Lord Mayor of Liverpool
- In office 17 May 2023 – 15 May 2024
- Preceded by: Roy Gladden
- Succeeded by: Richard Kemp
- In office 28 May 2021 – 25 May 2022
- Preceded by: Anna Rothery
- Succeeded by: Roy Gladden

Liverpool City Councillor for Speke-Garston
- Incumbent
- Assumed office 4 May 2007
- Preceded by: Doreen Knight
- Majority: 1,768 (79.8%)

Personal details
- Born: Garston, Liverpool
- Party: Labour
- Children: Michael Janine Lian
- Education: Blessed John Almond School

= Mary Rasmussen (politician) =

English politician

Mary Rasmussen is a British Labour Party politician and former Lord Mayor of Liverpool. She has represented the Speke-Garston ward in Liverpool City Council since May 2007.

==Early life and education==
Rasmussen was born in Garston, Liverpool to Irish parents - Thomas and Theresa Gibbons - as the third of ten children. She attended St. Francis of Assisi Primary School and later Blessed John Almond School. She completed an access to university course before opting to work with people who were long-term unemployed.

==Career==
For a period, Rasmussen worked with long-term unemployed people.
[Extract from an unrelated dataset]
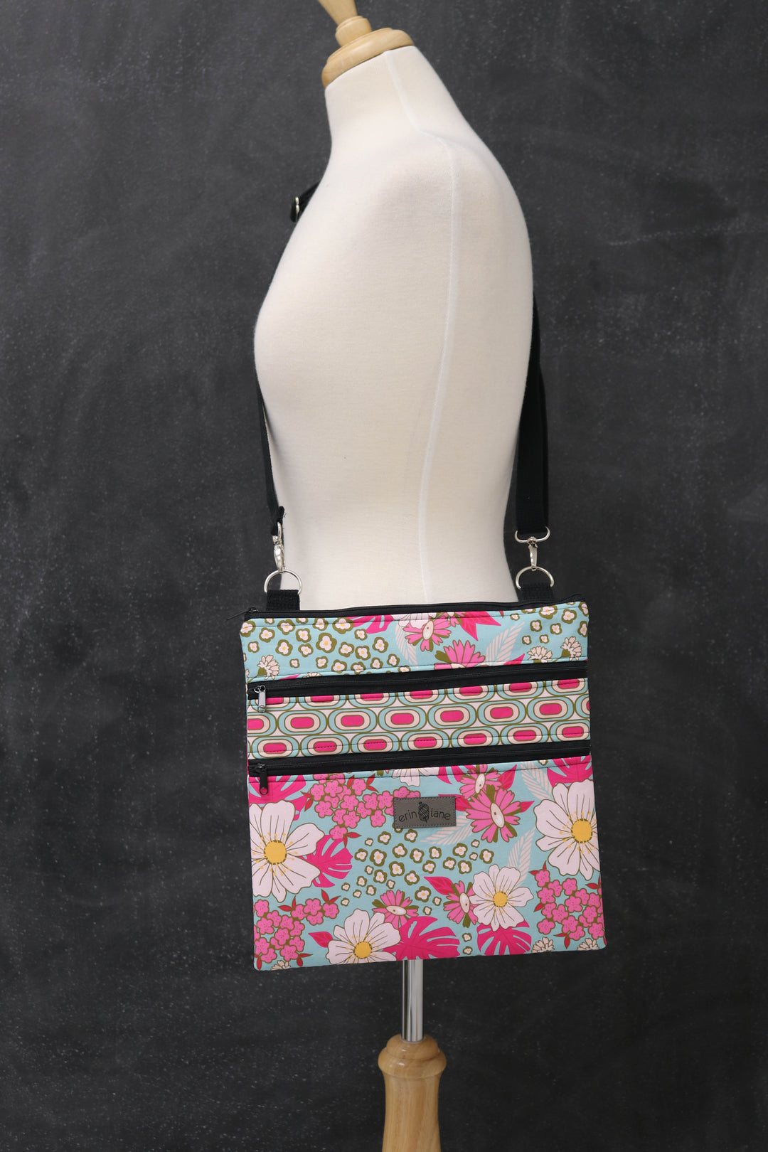 This crossbody bag features three zippered sections. The two front zippered pockets are great to keep you organized while out and about. The main opening of the bag is the zipper at the top giving you the most room for your goodies in the largest section of the bag. The front pockets are approximately 6 inches deep and span the full width of the bag.

She has worked as a Partnership Manager for Reed, a UK-based employment agency, since August 2014. She is a board member of several groups, including South Liverpool Homes, Speke Community Pensioners Group and Speke Adventure Playground.

===Liverpool City Council===
Rasmussen was elected as a Liverpool City Councillor in May 2007, succeeding Councillor Doreen Knight of the Labour Party. She defeated Paula Keaveney of the Liberal Democrats and received 57.1% of the vote. She has since been re-elected three times, most recently in 2019 with 79.8% of the vote.

She has served as Chair of Liverpool City Council's Labour Group and as the group's Chief Whip, the first woman to hold the position.

Rasmussen was sworn in as Lord Mayor of Liverpool on 28 May 2021 at Liverpool Tennis Centre owing to COVID-19 social distancing requirements. She chose her son, Michael, to serve as Consort and her daughter, Janine, to serve as Lady Mayoress. As Lord Mayor, she opted to sponsor The Whitechapel Centre, Tom Harrison House and Speke Training and Education Centre. Her first term ended in May 2022.

On 17 May 2023, Rasmussen was again sworn in as Lord Mayor of Liverpool to serve for a one year period in the largely ceremonial role.

==Personal life==
Rasmussen has two children: Michael, a maths teacher, and Janine. Her daughter Lian died in 2020.